The Best is the Enemy of the Good

I generally like to do a good job at whatever I set out to accomplish. More than that, I’ve been taught from the time I was little to “always do my best.” And that’s generally good advice. But I’ve definitely come across instances in my life where that desire to do my best overwhelms me, and I end up doing nothing at all.

Case in point: studying Slovak. Last year, I set a goal for myself to study Slovak for a half hour each day. I kept up with that for a while, and then I dropped the goal down to 15 minutes, because finding a full half hour each day was difficult, and I found myself skipping the goal when I knew I wouldn’t be able to complete it that day.

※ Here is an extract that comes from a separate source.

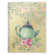 Caderno Espiral Bule elegante e flores da aguarela Dourados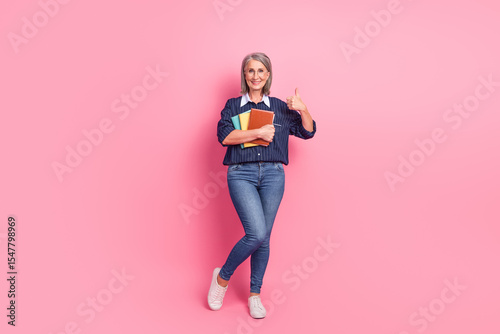 Confident mature woman with book gives thumbs up gesture in a stylish outfit against a vibrant pink background

Except I found on days when I was really busy, even 15 minutes was rough to meet.

Now, if I’d taken a step back and asked myself, “Which is better, studying some Slovak every day, or only studying if I can get 15 minutes in,” I think the answer would have been clear. Studying it a bit each day is better than not studying it at all. But I didn’t think of it like that. I felt like I had to do my best on the goal, or else I’d fail. And so I just did nothing at all, in the end. The goal slipped off my radar, and I admitted defeat.

This has happened before with me. Good things I want to do end up going nowhere because I can’t do them as well as I wish I could.

For me, this is the classic example of the best being the enemy of the good in my life. Because I can’t do my best, I don’t even accomplish the good I could get done if I settled for less. Whether it’s decluttering, reading my scriptures, cleaning the house, getting work in on a writing project, or anything else. I opt to do nothing because I can’t do everything, even though I realize how nonsensical that is.

Additionally, so much of getting something done on a project involves simply starting work on it. If I can commit myself to do something on a project, even if it’s just a little, I’ll often find myself ending up doing much more on that project than I’d thought I’d have time for. Overcoming inertia is a huge step.

So I’m trying to keep that in mind this year. I’m back to studying Slovak each day, even if it’s just for five minutes. Because with five minutes a day, I’ll still end up having studied Slovak for over 30 hours over the course of the year. And 30 hours is much better than nothing, right?